Defining your niche market
Usually, the answer that I get sounds like this: “She’s a professional woman, in her early 20s to early 50s, she likes to shop and she appreciates nice things, she has disposable income…”
Does that sound familiar? If so, I challenge you to get more specific. Like, wayyyyy more specific!
Can you ever niche down too far? I’ll answer that with a story:
When I first started thinking about marketing Teak & Twine, I knew I wanted to work with creative entrepreneurs in the wedding industry– specifically, wedding planners (since they are the ones who usually refer the other wedding vendors).
Martha Stewart Weddings had just come out with their (I believe, first ever) list of the top 63 wedding planners in the country, and I used that list as gospel. I researched, followed, and got to know the work of all 63 of those amazing creatives.
Then, everything I did in launching my business, I did for those 63 people. Seriously! I literally niched down to just 63 people! It sounds crazy, but it gave me incredible clarity in those early days where the overwhelm is serious:
- When I needed a product photographer, I booked one who worked with and was respected by those 63 artists (bonus, he was amazing!).
- When I needed someone to design our logo and packaging, I turned to a creative team who had worked on dozens of weddings with my tribe.

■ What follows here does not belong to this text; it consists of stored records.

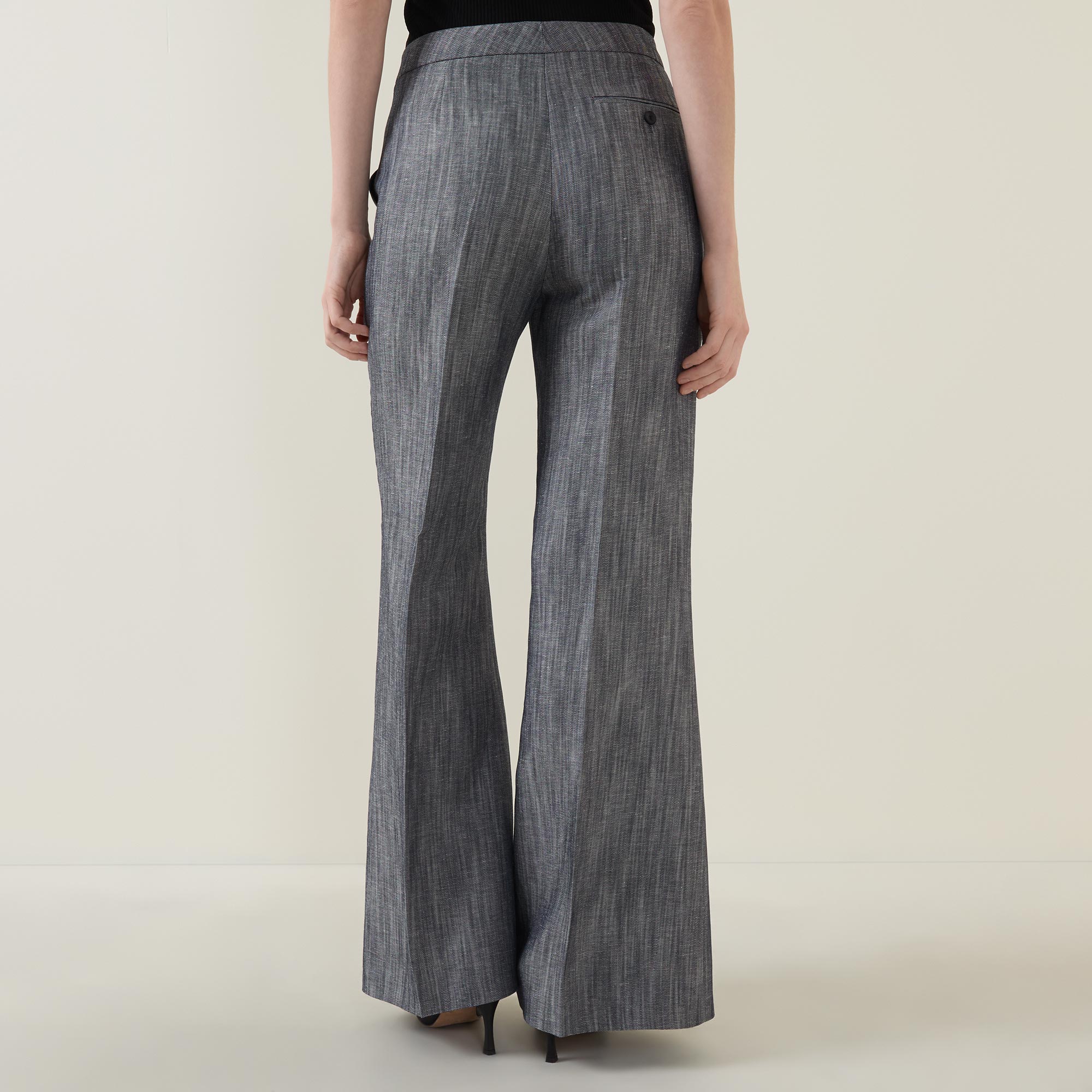 - Concealed zip-fly and hook-and-bar fastening, two side in-seam pockets, one rear welt pocket with button fastening, pressed creases, flared-cut leg, soft melange denim finish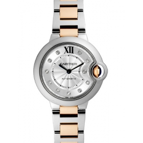 カルティエ時計コピー バロンブルーWE900151 SM 18KYG シルバー文字盤 クォーツ レザー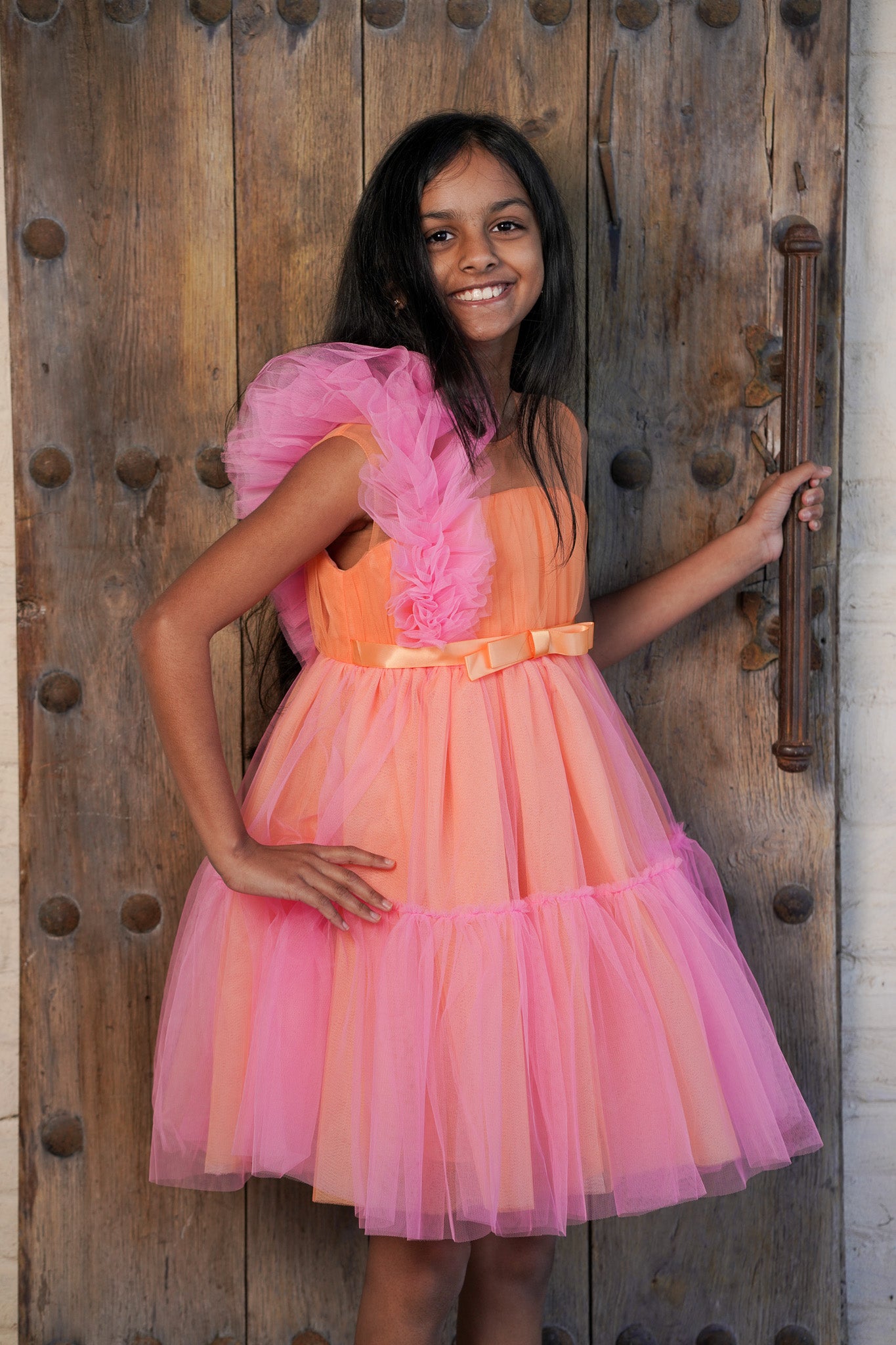 Add a pop of vibrant elegance to any celebration with the Orange Glow Tulle Party Dress! This eye-catching dress features bold orange tulle layers accented with soft pink hues for a striking combination. The asymmetrical ruffle shoulder brings a playful yet sophisticated flair, while the satin bow belt adds a charming finishing touch. Perfect for birthdays, weddings, or any special occasion where your little one wants to shine!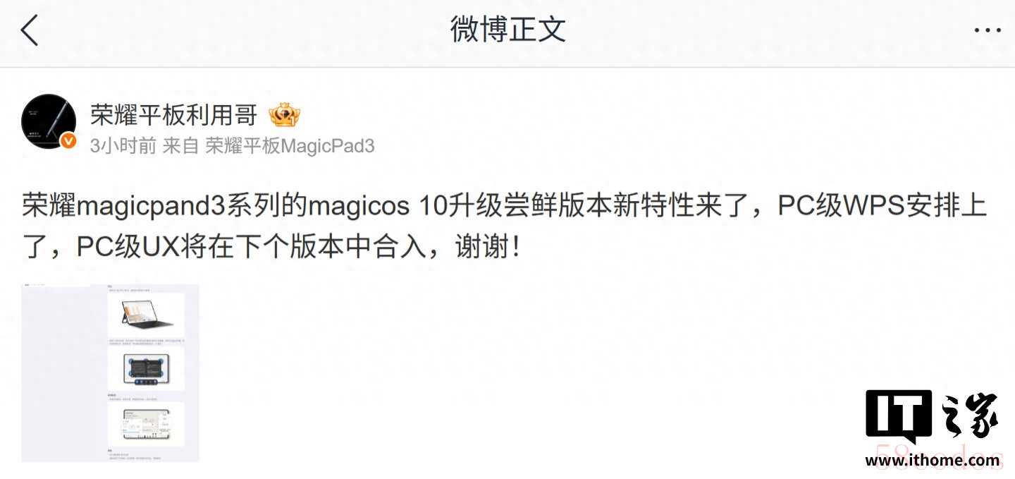 IT之家 10 月 20 日消息,荣耀终端股份有限公司平板与 IOT 产品领域总经理 @荣耀平板利用哥 今日发文宣布,荣耀 MagicPad3 系列平板的MagicOS 10 升级尝鲜版本新特性发布,上线了 PC 级 WPS 应用。此外,PC 级 UX 将在下个版本中合入。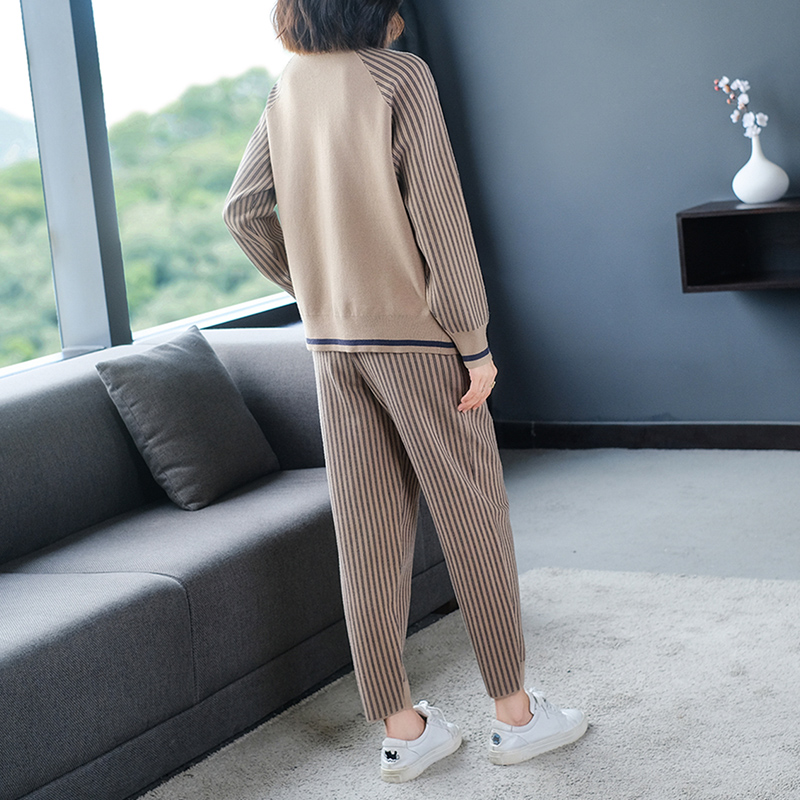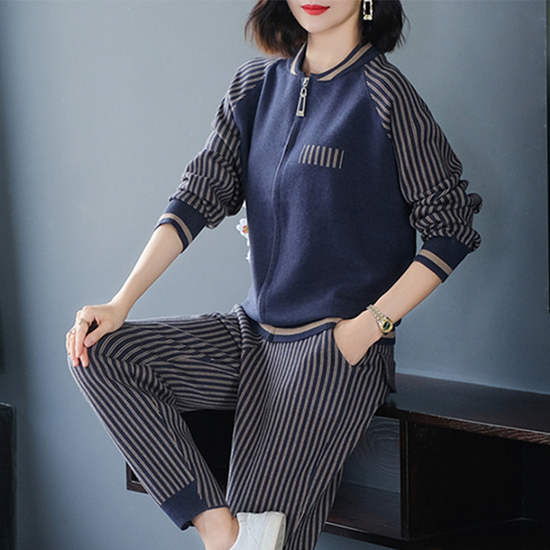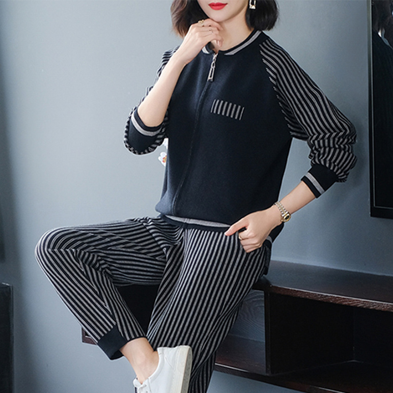 Leisure Sports Suit Women's Spring Autumn Season High End Large Size Size Women's Dress Foreign Pie's Aging Brand Sportswear knit Two sets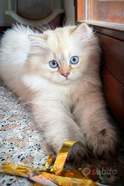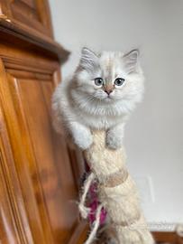 A fine luglio è disponibile questa meravigliosa gattina di razza Scottish Straight dalla rara colorazione golden point con occhi azzurri
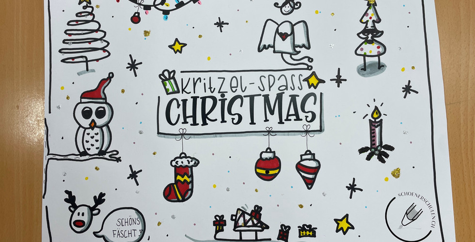 Am Morgen des 5. Dezembers durften die 5./6. Klässler am weihnachtlichen Kritzelspass von Schönerschulen teilnehmen. Via Zoom wurden die Schülerinnen und Schüler von der Kursleiterin angeleitet mit schwarzen Stiften festliche Motive zu kritzeln, diese mit grauen Stiften zu schattieren und mit farbigen Stiften Akzente zu setzen. In gemütlicher Atmosphäre entstanden zahlreiche kreative Zeichnungen rund um Sterne, Tannenbäume und weitere festliche Motive.

- When I developed products, I thought about what my tribe liked, noticed products they were sharing in their own feeds, and found inspiration in their Pinterest boards.
- When I was pricing my products, I knew what these planners would pay, and what they were used to paying for similar offerings.
- When I was starting out my marketing efforts, it was easy- I wasn’t trying to pay for Google Ads to target millions of people, I was just trying to build real relationships with a group so small I could literally remember their names.
To paraphrase Seth Godin, (one of my favorite marketing minds):
When you make something that is perfect for your tribe, they can’t help but love it- it was literally made just for them.
These days, I’m proud to have worked with almost every one of those 63 people- and even gotten to meet and become friends with many of them (pinch me!!!). I was shocked and ecstatic when my first order EVER (back when I didn’t even have a website, just an instagram page with an email address on it) was from one of those 63 people… and she was buying a gift for another one of the 63 planners!
BUT I really shouldn’t have been. Thinking about it now, of course that’s what happened!
You may be thinking: “BUT WAIT! Now you work with lots of people who aren’t those 63 people. You’ve branched out into corporate gifting and large-scale partnerships… you could never have built a business off of those few people alone!”
You’re totally right! But when you make something that people really love, because it was made just for them, they tell their friends. And they tell their friends. And the snowball keeps rolling!
My first big client was The Knot (of course it was!), and my work with them caught the eye of someone who worked at a big tech firm.